Prep Time 15 minutes
Cook Time 31 minutes
Total Time 46 minutes
Servings 4
Calories 2125 kcal

Ingredients
  

  • 1.75 cups rolled oats (old-fashioned oats, not instant)
  • 3/4 tsp cinnamon (freshly ground for more flavor)
  • 3/4 cup monk fruit sweetener (I use Lakanto brand for consistent results)
  • 1 cup unsalted butter (softened to room temperature)
  • 3/4 cup raisins (plump them in warm water for 5 minutes if preferred for extra moisture)
  • 1/2 tsp salt
  • 2 eggs
  • 1/2 tsp baking soda
  • 1 tsp vanilla extract (pure vanilla preferred for best flavor)
  • 1 cup whole wheat flour

Instructions
 

  • Gather all ingredients and allow the butter to soften to room temperature—this is crucial for incorporating air into the dough, which creates a better texture. In a large mixing bowl, cream together the softened butter and monk fruit sweetener for 3-4 minutes, beating until the mixture is light, fluffy, and pale in color. This creaming process incorporates air bubbles that help the cookies rise and develop a tender crumb. While the butter mixture comes together, you can optionally plump the raisins by soaking them in warm water for 5 minutes to enhance their moisture and sweetness in the final cookies.
  • Add the eggs to the creamed butter mixture one at a time, mixing well after each addition to fully incorporate before adding the next egg. This gradual incorporation prevents the mixture from becoming curdled or separated. Once both eggs are fully combined, add the pure vanilla extract and mix until the wet base is smooth and homogeneous. I find that pausing between each egg addition ensures better emulsification, which gives the cookies a more tender, even crumb.
  • While the wet mixture rests, whisk together the whole wheat flour, baking soda, salt, and freshly ground cinnamon in a separate bowl.
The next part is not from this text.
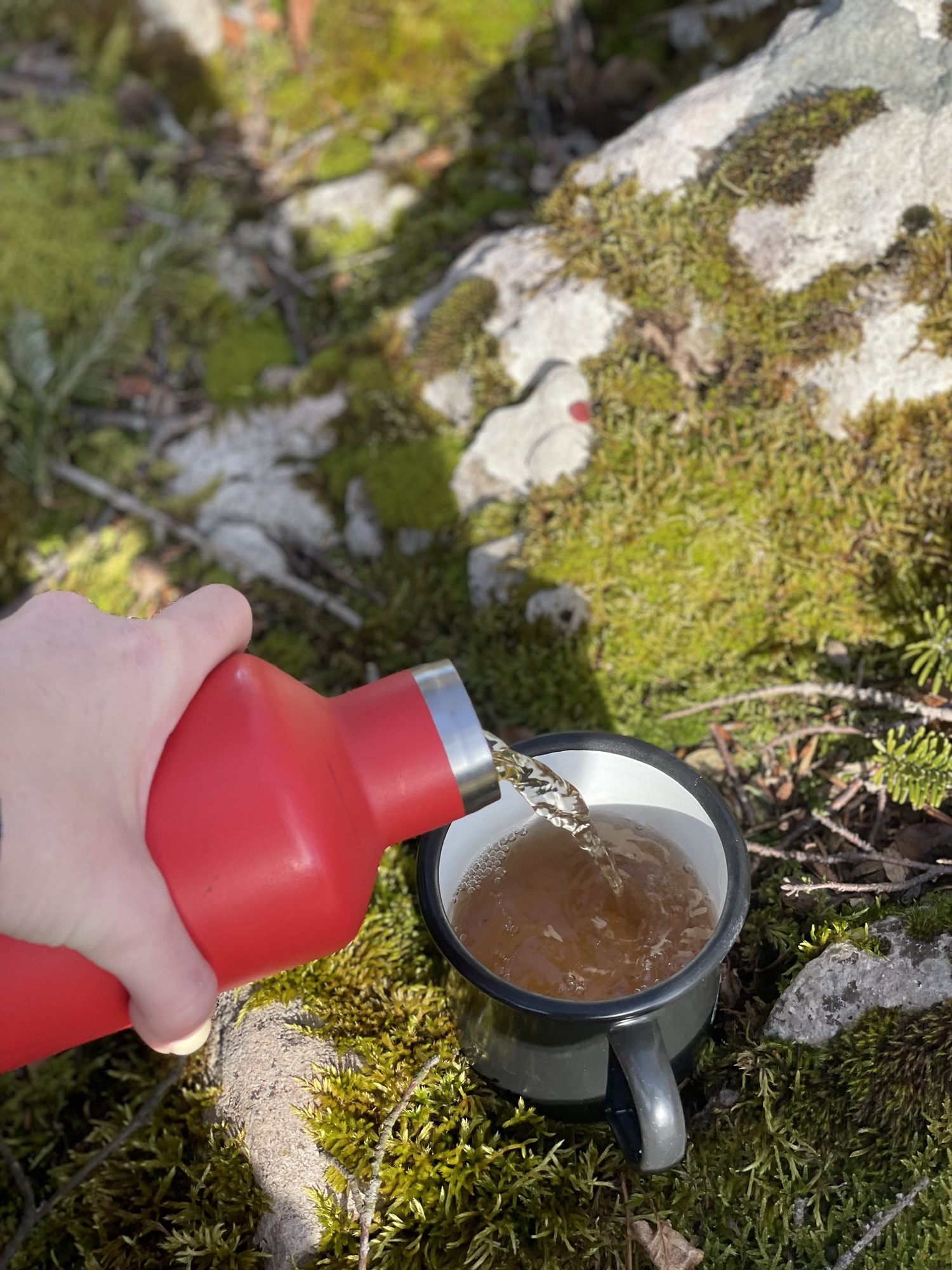 Already here the scenery and the view was simply too beautiful to just pass by and I decided to have a little break with some warm tea and a little lunch. It was windstill and quiet. Barely any other people were walking on the trail and I took probably one of the longest hiking breaks on my own so far. It is something that I am still learning to do properly. And as I am training myself to take my time resting along the trail, I come to realize how enjoyable it actually is. I think savoring ones own company doesn’t come easy to some of us and I have learned that little breaks like these in the company of nature are a wonderful way to practice. At least to me.

Sifting or whisking these dry ingredients together ensures even distribution of the leavening agent and spices throughout the dough, preventing pockets of baking soda that could create an unpleasant flavor or texture. I always use freshly ground cinnamon rather than pre-ground—the aromatic difference is noticeable and elevates the entire cookie.
  • Pour the dry ingredient mixture from Step 3 into the wet base from Step 2 and fold gently until just combined—avoid overmixing, which can develop gluten and create tough cookies. Once the flour mixture is incorporated, fold in the rolled oats and raisins (drained if you soaked them), stirring just until evenly distributed throughout the dough. The dough should come together without any visible streaks of flour.
  • Cover the dough with plastic wrap and refrigerate for 30 minutes—this resting period allows the flavors to meld and helps the dough firm up, making it easier to portion and shape. While the dough chills, preheat your oven to 330°F and line a baking sheet with parchment paper. The lower temperature (compared to traditional cookie recipes) works well with monk fruit sweetener, which can brown quickly; this gentler heat ensures even baking without over-browning the edges.
  • Remove the chilled dough from the refrigerator and scoop portions using a cookie scoop or spoon, rolling each portion gently into a ball between your palms. Place the balls on the prepared baking sheet, spacing them about 2 inches apart, then flatten each one slightly with the bottom of a glass or your hand—this helps them bake more evenly and develop a pleasant texture. Bake for 8-10 minutes, until the edges are set but the centers still appear slightly underdone; they will continue to firm up as they cool.
  • Remove the baking sheet from the oven and allow the cookies to cool on the sheet for 5 minutes before transferring them to a wire rack to cool completely. This brief rest on the hot pan allows them to set gently without hardening too quickly, ensuring a tender interior with slightly crisp edges.

Disclaimer: Our editorial team has used AI to create or enhance parts of this article. All content has been fact-checked by our team to ensure accuracy.